Can't find anything right now, this (JSTOR link) is a pretty good source on George's relationship and opinions on labor overall. He sought labor as allies but wasn't exactly a committed unionist.
 

BClick

AHC: French Montana
#11
Just read through the Henry George chapter in Darcy Richardson's book Others: Third Parties During The Populist Period and discovering that there was a real moment for a labor party to crystalize in the 1886 elections. Labor parties elected three members to Congress, Henry Smith in Milwaukee, Samuel Isaac Hopkins in Lynchburg, and John Nichols in Raleigh, and came close to electing Daniel F. Gleason in Chicago and Isom Langley in Arkansas. Most wild of all they came within 825 votes of unseating the incumbent Speaker of the House John G. Carlisle with George H. Thobe (spelled Thoebe in book) a local woodcarver. Following that, in local 1887 elections, labor parties came achingly close to winning the mayor's office in Cincinnati and were expected to win in Milwaukee only to lose a close election. They also had the potential to win in Chicago if the Democrats and Republicans didn't unite their ticket (Labor ended up taking 31% of the vote).
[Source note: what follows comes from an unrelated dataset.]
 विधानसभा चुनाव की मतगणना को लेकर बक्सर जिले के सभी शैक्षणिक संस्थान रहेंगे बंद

The big question is whether or not a coalition of single-taxers, unions, socialists, and rural populists can hold together or split as they did in New York fairly quickly after George's defeat. But I'm now seeing a world where the various labor parties that emerged in 1886 are able to use the momentum of their victories to pull themselves together and create a united party. Knocking out the Speaker of the House and having the mayoralties of the two largest cities in America would be nothing to sniff at...
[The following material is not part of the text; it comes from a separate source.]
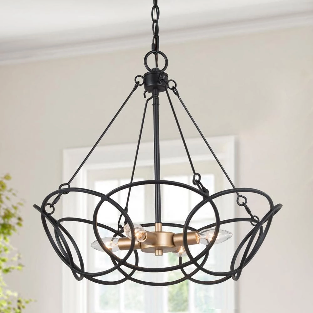 - MODERN FARMHOUSE APPEAL: Geometric geometric flower basket design and timeless black finish enhance the modern industrial sense of the chandelier light, and create a transitional farmhouse vibe

Can't find anything right now, this (JSTOR link) is a pretty good source on George's relationship and opinions on labor overall. He sought labor as allies but wasn't exactly a committed unionist.
Interesting! I'm reading Lawrence Goodwyn's history of the Populists at the moment, I'll be looking for any information about their relationship with labor.
 

Japhy

Harry Turtledove thinks I'm funny.
Published by SLP
#12
Interesting! I'm reading Lawrence Goodwyn's history of the Populists at the moment, I'll be looking for any information about their relationship with labor.
Hot Time in the Old Time by Edward P. Kohn is a good read that really covers just how Bryan and other Populists were viewed by Urban Working classes among other stories. Also shows the different ground games between Agrarian Populists and Aristocratic Progressives.